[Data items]
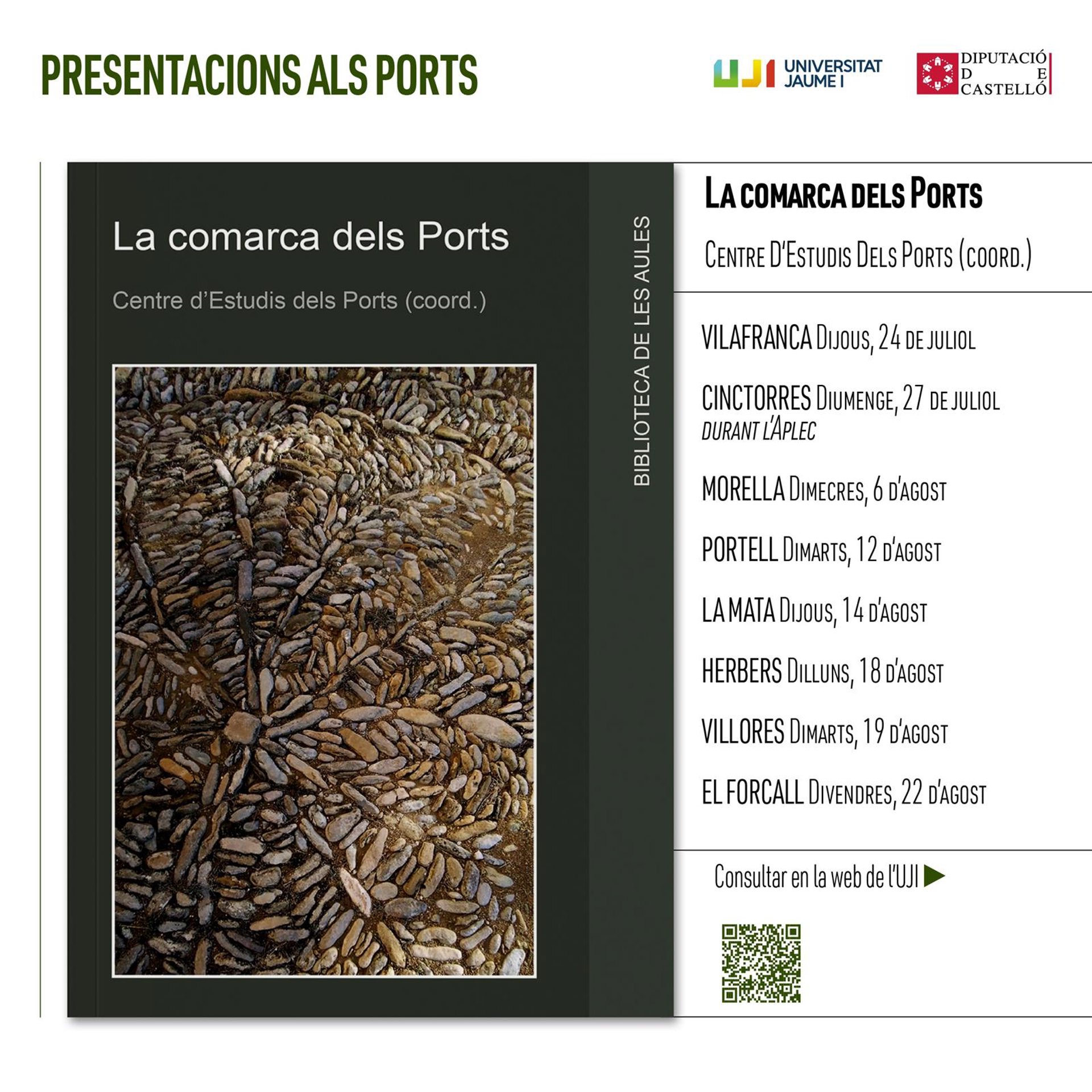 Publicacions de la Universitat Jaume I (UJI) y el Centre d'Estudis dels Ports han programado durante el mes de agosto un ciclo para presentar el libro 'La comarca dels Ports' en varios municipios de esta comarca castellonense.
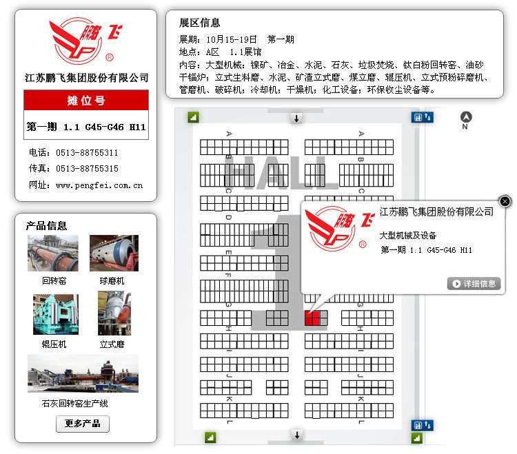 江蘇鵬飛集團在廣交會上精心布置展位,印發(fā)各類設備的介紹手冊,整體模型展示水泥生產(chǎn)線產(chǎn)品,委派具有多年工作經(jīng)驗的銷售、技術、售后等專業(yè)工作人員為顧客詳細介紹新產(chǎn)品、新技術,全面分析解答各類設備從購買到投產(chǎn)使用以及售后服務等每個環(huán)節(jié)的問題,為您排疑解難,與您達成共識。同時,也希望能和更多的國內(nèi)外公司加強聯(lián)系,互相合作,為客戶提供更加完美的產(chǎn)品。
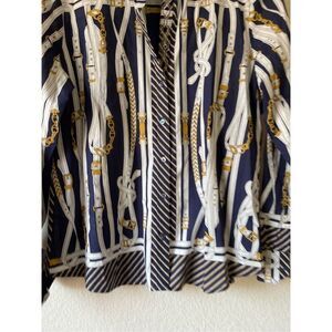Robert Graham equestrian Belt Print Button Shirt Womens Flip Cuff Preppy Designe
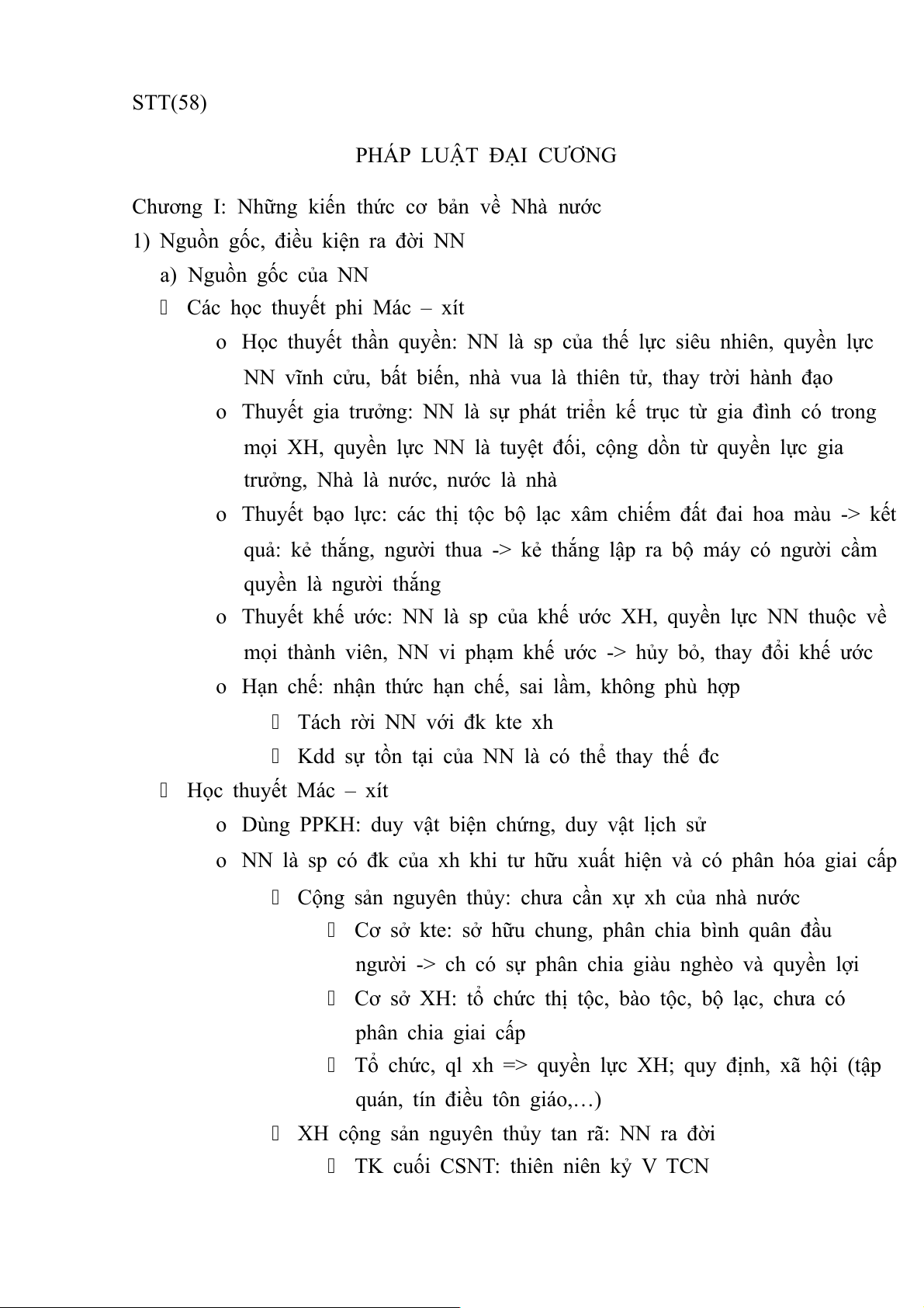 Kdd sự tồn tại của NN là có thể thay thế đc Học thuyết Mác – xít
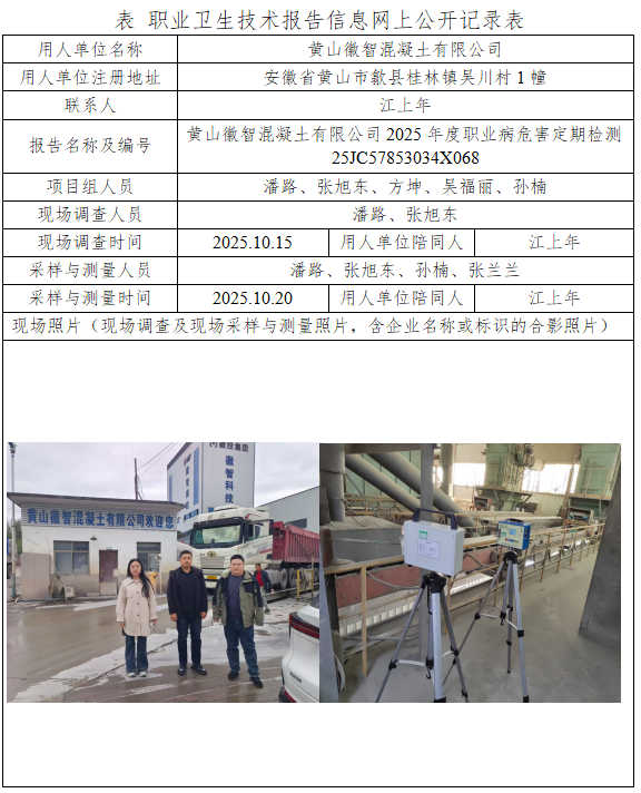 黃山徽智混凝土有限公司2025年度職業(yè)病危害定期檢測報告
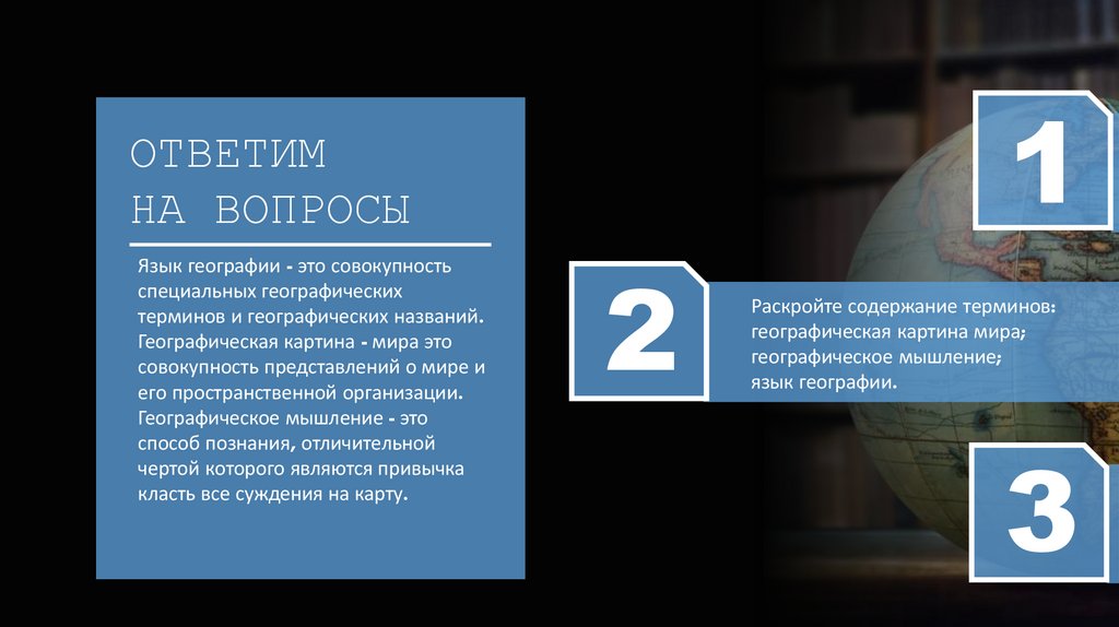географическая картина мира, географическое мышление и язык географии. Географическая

[TASK ITEM]
Please output the lines of the records above from the one with "Robert Graham equestrian" through the last, exactly as they appear and with both ends included; skip any pictures and add nothing.

[ANSWER AREA]
Robert Graham equestrian Belt Print Button Shirt Womens Flip Cuff Preppy Designe
 Kdd sự tồn tại của NN là có thể thay thế đc Học thuyết Mác – xít
 黃山徽智混凝土有限公司2025年度職業(yè)病危害定期檢測報告
географическая картина мира, географическое мышление и язык географии. Географическая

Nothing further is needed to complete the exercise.